La misión del sucesor del Salón de la Matanza Extrema, Yong Jeok-bi, era lidiar con las Doce Ramas Terrenales, un grupo de intermediarios del Mundo Superior.
Y la tarea del sucesor del Palacio de la Aniquilación, Shindo Un-hwi, era normalizar las sectas que habían sido absorbidas por el Palacio Demoníaco pero que aún no se habían integrado.
A primera vista, parecían simples, pero en realidad, eran tareas que requerían una enorme cantidad de personal y mucho tiempo.
“El Palacio de Aniquilación y el Salón de la Matanza Extrema. Los dos candidatos a sucesor aún están en proceso”.
Baek Jeon-cheon sonrió.
“No habrían predicho que tú y el Salón del Sable de Llama Sangrienta completarían las hojas de misión en tan poco tiempo”.
Su expresión estaba llena de satisfacción.
Baek Jeon-cheon siempre había apoyado a Bu Eunseol.
Por lo tanto, cada vez que superaba una prueba, sentía una sensación de orgullo como si él mismo hubiera contribuido.
“¿La razón por la que el Emperador Demonio Celestial está celebrando una reunión es por la finalización de las misiones de los sucesores?”
“Así es. Vicelíder Bu, siempre vas al meollo del asunto”.
Baek Jeon-cheon habló con una mirada seria.
“El Fruto del Espíritu Dorado es uno de los mayores tesoros del Mundo Marcial. Comerlo puede curar fácilmente cualquier meridiano cortado. ¿Acaso no hay muchos entre la gente del Palacio Principal que nacieron con meridianos cortados?”

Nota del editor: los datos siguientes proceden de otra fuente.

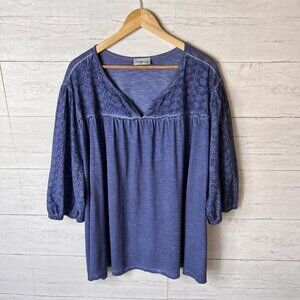 Catherines Top Womens Size 4XL Blue Eyelet Balloon Sleeve V Neck Blouse Peasant

Por un momento, Bu Eunseol recordó la expresión seria en el rostro de Dan Wol-hon que acababa de ver.
Dan So-ok.
¿Acaso ella tampoco era incapaz de aprender artes marciales debido a sus Tres Meridianos Yin Cortados, y su cuerpo siempre era débil?
Si pudiera obtener el Fruto del Espíritu Dorado, no solo podría aprender poderosas artes marciales, sino que también podría ascender al puesto de Gran Estratega de inmediato.
“Como bien sabe el Vicelíder Bu, se sabe que el Ladrón Divino Fantasma ha memorizado la lista de espías de alto rango que se han infiltrado tanto en los caminos Justos como Demoníacos”.
Los ojos de Baek Jeon-cheon se entrecerraron mientras miraba al cielo distante.
Según los rumores, la razón por la que pudo desaparecer repentinamente a pesar de estar rodeado de maestros tanto del Camino Justo como del Camino Demoníaco fue porque contaba con la ayuda de Baekri Muha, a quien llamaban el Mayor Secreto del Mundo Marcial. «
Baekri Muha…»
Era extraño.
En el momento en que escuchó el nombre de Baekri Muha, el corazón de Bu Eunseol latió con fuerza sin motivo aparente.